Thanksgiving weekend, four years ago, I was in the middle of life changing chaos. Self inflicted chaos mostly, but chaos nonetheless. For the first time in my life I was living totally alone. My sons were grown and making lives of their own, which made me lonelier than I had imagined. I missed having a houseful of teenagers geeking over video games and still playing with Legos. I was in the middle of trying to buy my own home. My very own house, that I already loved. Going through the process alone, with no partner or significant other to shore me up through the ordeal. Thanksgiving weekend was supposed to be my moving weekend. I was packed, most of my stuff was in storage in anticipation, boxes were everywhere. I didn't even have enough kitchenware to contribute a dish for a potluck dinner I would be attending. I had lined up several strong, willing victims to help me move. I had given my landlord 30 days notice at the beginning of the month and the rental house I was leaving was scrubbed, repainted, and ready for the next tenant. I had already changed the address on my driver's license. But the deal wasn't done yet. Glitches and hitches in the inspection and appraisal had brought everything to a screeching halt, and threatened the whole process. It would be weeks before I would have the keys in my hand, if the whole deal didn't fall through. My stress level was over the top.
Add to this the fact that I had finally brought about the long-needed dissolution of a toxic relationship, and was still reeling from the backlash. No matter how badly you need to extricate yourself from someone who makes you miserable, after a decade of having them in your life, you go through the stages of grief, over and over. Thanksgiving Day, a long phone conversation, while I was maniacally scrubbing the kitchen, listening to the negativity and complaining coming over the line, I knew I had made the right decision. My head knew this, my soul knew this, just as you know someone is dead, but parts of you think they will walk through the door and all will be back to "normal."
For the first time in nearly two decades I was not hosting a holiday dinner. It made me feel even more removed from the rest of the world. I felt so alone and lonely, as if the rest of the planet was moving along without me, leaving me as a remote, desert island in the middle of a vast river of humanity.
The stress and grief made me lower my guard. Even though I was still working out religiously to help stave off the bulk of depression, my eating habits had fallen to hell. I was at the heaviest I had ever been. I stopped weighing myself when I hit 245. Yeah, you read that number right Two-hundred and forty five pounds. Holy hell. This added to my feelings of isolation and dejection.
An interesting point, looking back, with 20/20 hindsight. As tough as it was, as miserable and stressed as I felt, it really was only the beginning. I was heading into six months of the worst time of my life. I have suffered depression over the years, but it was nothing in comparison to what was coming. Later I would be diagnosed with severe depression, borderline bi-polar, reactive attachment disorder, anxiety, and insomnia.
But that Thanksgiving Day, for some reason really stands out in my mind as a turning point. It was a day full of bitter disappointment, isolation, depression, anxiety, and stress, stress, stress. But it was also the day my resolve to keep moving forward was made concrete and absolute. Winston Churchill said, "If you are going through Hell, keep going." I would learn to put one foot in front of the other. If I couldn't walk, I would crawl. I would move forward inch by agonizing inch. I would not give up my dream of owning the little house that was destined to be mine. I would learn to love being single, and living free and alone. Heart would mend, Brain would balance, Spirit would soar wild and free.

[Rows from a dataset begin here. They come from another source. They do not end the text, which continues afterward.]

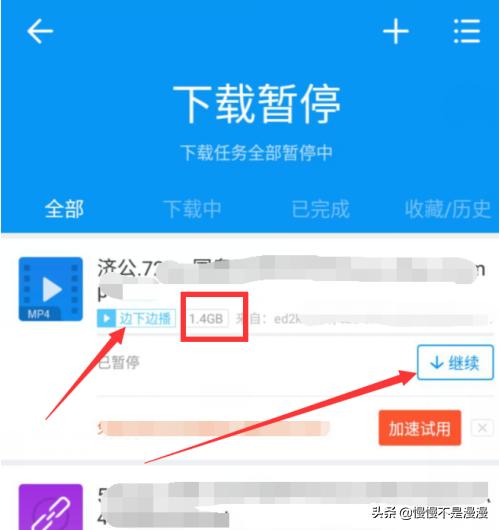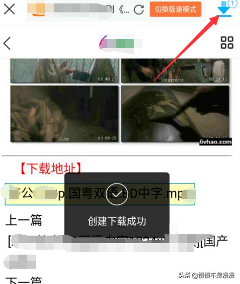 5、此时如下图1,界面中间弹出创建任务成功提示。这时点击右上角下载图标,即可进入进度页,如下图2,可看到文件大小,及预计时间,等其完成即可。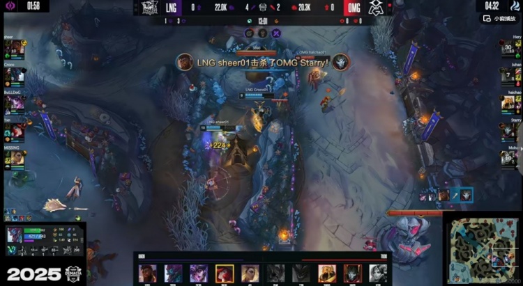 【12:31】OMG拿下小龙,LNG强开留人Juhan墨菲特大招撞到了河蟹没能过墙啊!残局Moham曙光还想反开但是Hery剑魔伤害实在不够啊!残局Croco巨魔闪现柱子再卡两个,这波LNG打出1换4!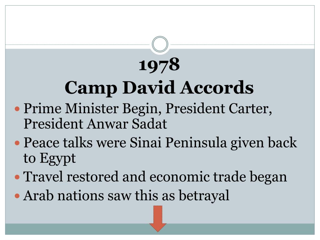 1978 Camp David Accords • Prime Minister Begin, President Carter, President Anwar Sadat • Peace talks were Sinai Peninsula given back to Egypt • Travel restored and economic trade began • Arab nations saw this as betrayal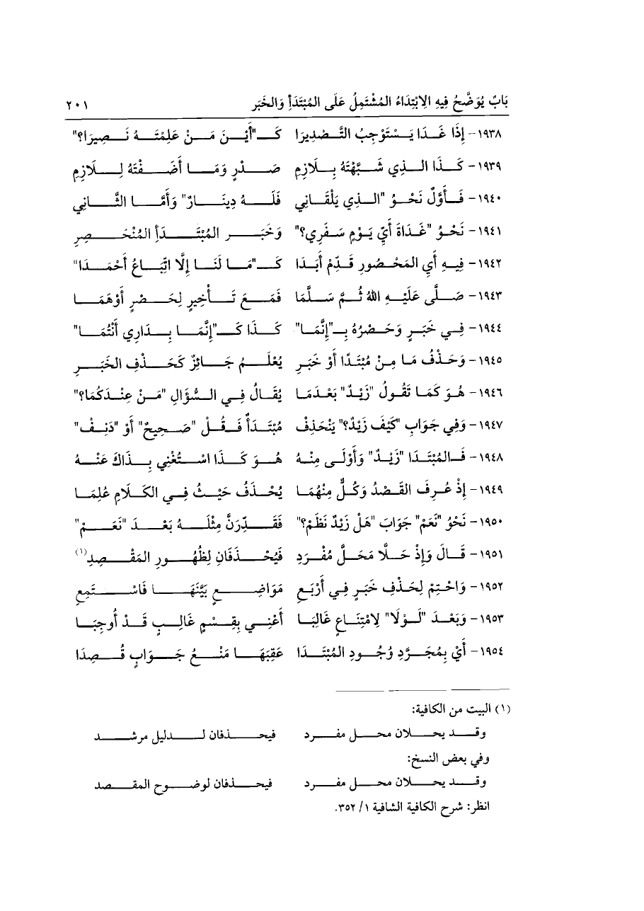١٩٣٨ - إِذَا غَدَا يَسْتَوْجِبُ التَّصْدِيرَا ... كَـ"أَيْنَ مَنْ عَلِمْتَهُ نَصِيرَا؟ "

It has been four years, and every Thanksgiving I think back on that day. That singular day that stands out in my memory as a Life Lesson. I walked through Fire, fell into the darkest Abyss, but kept moving forward even when I felt like giving up. Now, for the last three and a half years I have been 85 pounds lighter, single, vegetarian, no meds, content, happy, Free. I am fitter and stronger physically, mentally, emotionally, and spiritually than I have ever been at any time in my life. I can look back and see that day as the Gate to Hell, and even knowing the fire I would pass through, I would still walk into it, eyes wide open, knowing I would come through cleansed by the flames.